Pages

Wednesday, September 19, 2007

Tagging Molecules: a mashup of Connotea and RDF

Using the InChI and the new rdf.openmolecules.net website, it is now possible to tag molecules. And if you use Connotea for that, your tags will even show up on the rdf.openmolecules.net website. For example, at the time of writing, methane was tagged with alkanes and gas:



The trick I use, is that the rdf.openmolecules.net gives every molecule a unique HTTP URL. This simply web2.0 approach offers an enormous amount of possibilities. The simplest application is that you can tag your molecules with a set label, such as my-tomato-set; after all, Connotea is account based. In this way, you can do open notebook QSAR studies (though the activities would still be missing).

The aforementioned example, however, give two classifications. Methane is an alkane and Methane is a gas (at room temperature). Not very well determined semantics, but it is web2.0, not the semantic web.

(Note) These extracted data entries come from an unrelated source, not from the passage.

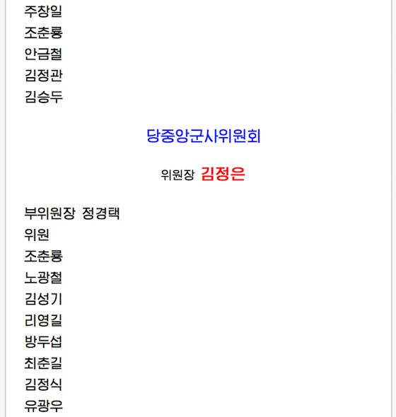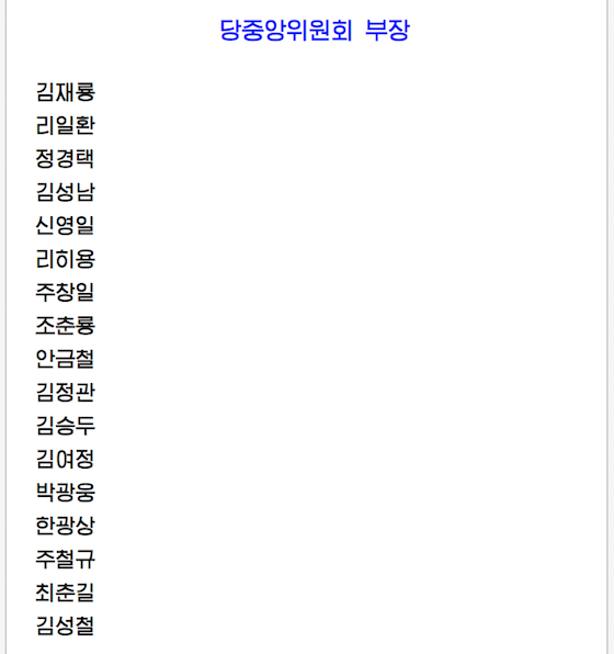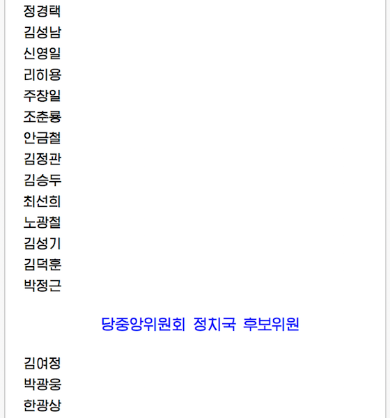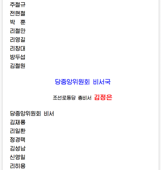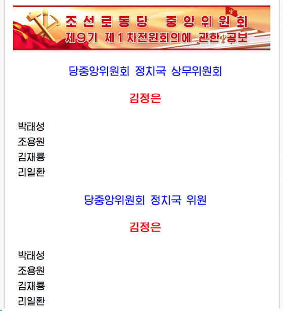 전체 대표자들의 한결같은 의사에 따라 우리 당과 국가, 인민의 최고대표자이신 김정은동지를 위시하여 당중앙위원회 정치국 성원들을 포함한 39명으로 집행부가 구성되였다.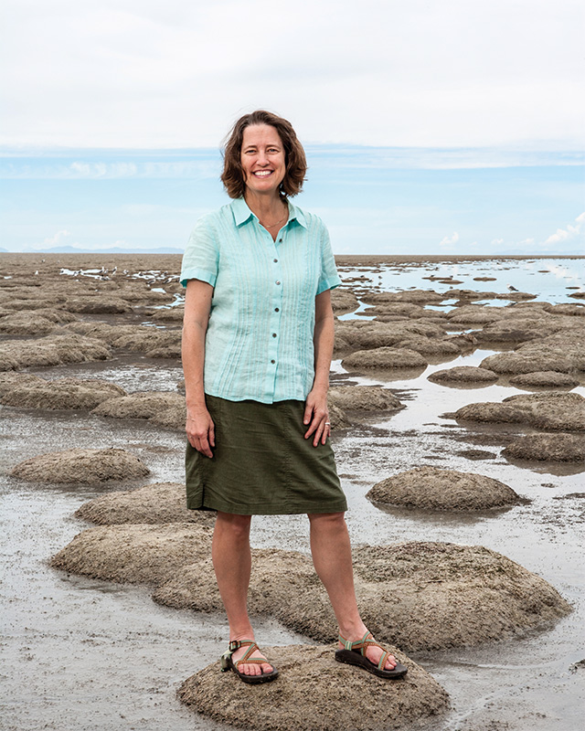 Dr. Bonnie Baxter collects specimen samples from the Great Salt Lake as she has for the last 25 years. One of her collection sites is at Spiral Jetty, a coil of basalt rock built by sculptor Robert Smithson in 1970. Early in her career, Baxter had to use a canoe to reach Spiral Jetty. Years later, she would slosh to Spiral Jetty in her waders. Now, she walks over dry lakebed crust. Spiral Jetty has not moved, but the shoreline of the Great Salt Lake has—about a mile away.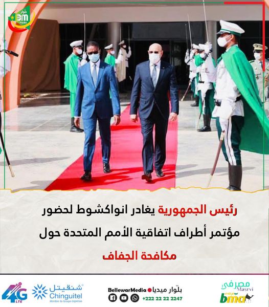 ويأتي سفر ولد الغزواني للمشاركة في الدورة الـ15 لمؤتمر أطراف اتفاقية الأمم المتحدة حول مكافحة الجفاف.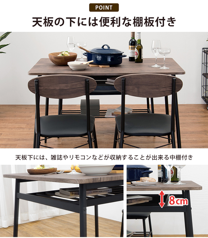 ●テーブルをスッキリ使える棚付き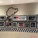 モリゾウさんが自分の原点だというニュルブルクリンク24時間レースの写真が飾られ、カウンターチェアにはモリゾウさんがニュルを走ったクルマの名前とゼッケンが記され、いつまでもクルマ談義が続けられそうな粋な演出となっている。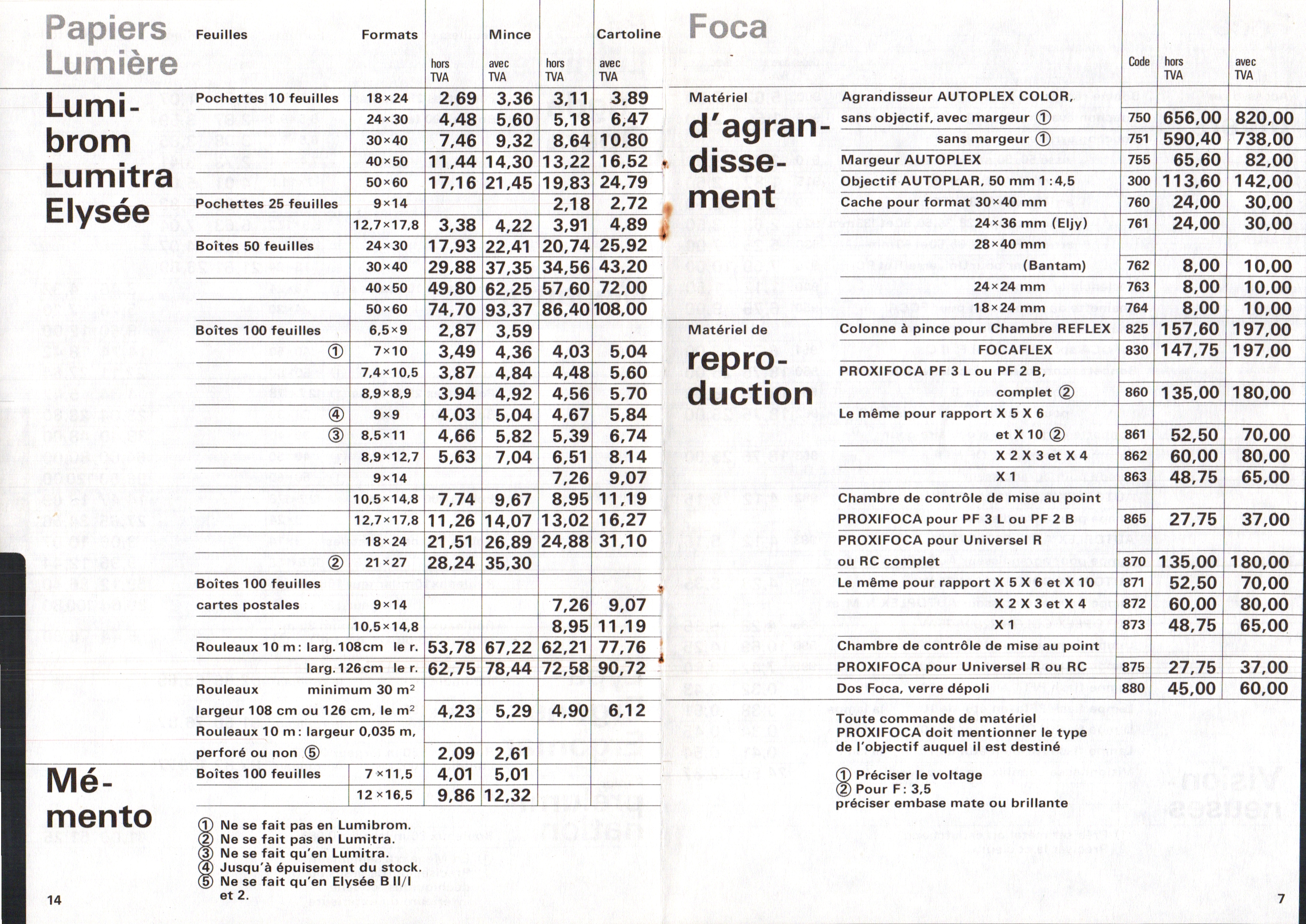 - Prix des appareils Lumière - mars 1937

Interestingly, given some loosely defined semantics, use Connotea to link a molecule to a certain publication. For example, I can define Estrone is cited in the article with PubMed ID 15659855 using the tag pmid:15659855. I'm sure using the DOI would work too, using the tag doi:10.1107/S0108768104028344. I have not used these informal semantics in the rdf.openmolecules.net website yet, but if there is such interest, I can have such functionality hacked in minutes.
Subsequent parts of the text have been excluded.